Ageing Without Knowing

Being a *** abuse victime in 2001 when I was 16 seems to have caused me to be mentally stuck on the same spot. And when my 2nd hospital mistreatment happened in 2020 i really start to lost track on my entire life. And almost have no memory of what happened in 2020.

And now in 2025, I am shocked that I was actually eligible for Skill Future Mid Career Credit. And I start asking myself how old am I? And the only memory I have on the surfac to goes way back to 2001. As if nothing has happened between 2001 to 2025. Although my 2020 trauma is bad, but I guess its bad enough for it to be hidden somewhere in my head so that I can function.

Sadly…in Singapore mental health and social service professionals outside of *** is badly trained when comes to handling and treating people with PTSD and CPTSD, many including a *** professor in psychiatrist assumed people will move on when they were told to and CPTSD and PTSD only happened when the victim encountered life and death events.

Really… If all mental health issues can be cured by just asking the sufferer to move on. I guess we all dont even need such professionals to exist.

How much I wish I am able to afford to seek better treatment in private practice, but still…being someone that use medifund, I guess all I can get is mental health and social service professional babysitting duty. Instead of proper treatment.

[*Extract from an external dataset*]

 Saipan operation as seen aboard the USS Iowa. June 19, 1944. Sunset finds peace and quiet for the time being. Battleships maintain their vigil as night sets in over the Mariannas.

Thank you for sharing your experience on this platform. I empathise with what you said about in a blink — oh we’re eligible for skillsfuture credits now? Where has the time gone?

But I also recognise how for you, it’s not just time passing quickly, it’s that you’re almost like stuck, in that time of 2001.

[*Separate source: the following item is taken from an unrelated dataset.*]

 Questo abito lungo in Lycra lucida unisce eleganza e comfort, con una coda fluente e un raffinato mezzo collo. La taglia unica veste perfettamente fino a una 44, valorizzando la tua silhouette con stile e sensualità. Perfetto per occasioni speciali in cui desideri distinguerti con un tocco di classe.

i just wanted to affirm that what you experienced then, what you are experiencing now, they are so valid and real. Traumas come in many shapes and forms. What you experienced was traumatic for you, and that matters to you, and should matter to any professional you encounter. I’m sorry to hear that it wasn’t the case in your experience.

It sounds like you’re hoping for treatment outside the public sector? I’m wondering if you have considered non-profit agencies like Clarity and Care Corner. Although I personally haven’t sought treatment from them, I have heard of friends who had good experiences. The difference would be that though they are a subsidised agency, they aren’t public under MOH.

Whatever it is, I just wanted to say that I see you showing up for yourself. Although it feels like “babysitting” it sounds like you still show up for your appointments and ensure you can get some kind of support. I also see you hoping to move forward and one day find healing with the right therapist. It’s an incredibly sucky position yet incredibly brave of you to keep showing up for you and doing the work. <3

I lost 15 years to depression n anxiety. I can remember everything but i wasnt fully conscious n perform badly for everything.
When i ‘woke up’ after depression recovered to dormant, felt that my youth was wasted n im desperately trying to live my youth at an older age. Of course theres problems that comes w that

Dear @user1446 ,

I hear your thoughts and i emphatise with them. Mental health conditions really do have the ability to steal time from our lives. I would like to affirm your strength for conquering the period of time from then till now - I’m sure it’s not easy.

That being said, I hope that you have the strength to push through and conquer even more of life. I think seeking help can be a way to do that - the support that @lilac suggested can have the ability to help. No harm trying, right? I believe in you - your immense strength and courage. Sometimes the toughest battles can’t be seen by others. Don’t let this steal anymore of your life away from you. You got this!